Going under 4 Probes is 100% a mistake, the information the card provides, the card it draws and the fact that it is fuel for Become Immense is just too strong not too play 4 of. I also wholeheartedly disagree about cutting Distortion Strike. Abzan is real the deck, Affinity has lots of chump blocker and so does Dredge.
The introductory paragraph to this article made me chuckle. Well done. As for the lists themselves…
1. As others have noted above me, the meta has plenty of fliers, so cutting Distortion Strike is rather dangerous at the moment. What creatures do you fear so much that you feel you need Dismember in the main? Also note that the card is atrocious against Burn, which is a matchup where you need all the help you can get to begin with.
2. Why is Kessig Wolf Run in your Jund list? Is it to keep a late Goyf from being chump-blocked? Because that feels rather marginal.
3. Why is Elspeth, Sun’s Champion in your Eldrazi list over something like World Breaker? You can find it with Stirrings, cast it about as fast as Elspeth, and it more definitively answers removal-heavy matchups (which is what I assume you’d be siding in Elspeth for – this isn’t a control deck, after all).

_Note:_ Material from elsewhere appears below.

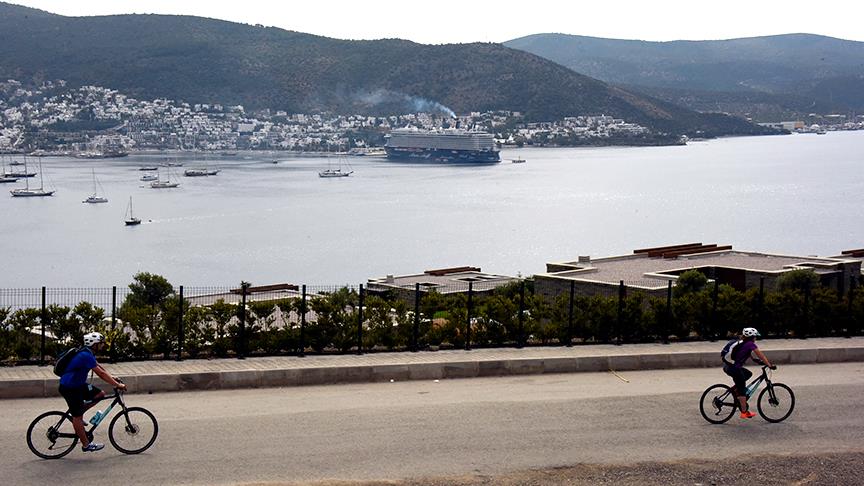 Bazı turistler de gemiden edindikleri bisikletlerle, Bodrum'un kent merkezi ve tarihi alanlarını gezip, turlarına farklı bir heyecan katıyor.

The Jund and Eldrazi lists were not his if you look between the parentheses
That’s a good point, but I’m sure he could have pulled up another example list without those oddball flex choices.
I can’t help smiling whenever one of the authors here talks about the awesomeness of Blossoming Defense as though it’s super obvious and everybody knows it’s the bee’s knees; when I’m pretty sure it was on this very site that during previews I read that it was overhyped and didn’t do enough and Vines/Blessing are better so it won’t find a home in Infect.
Hee hee. 😀
I mean nobody gets a cookie for predicting whether a card has an impact or not. What’s the point of “gloating.”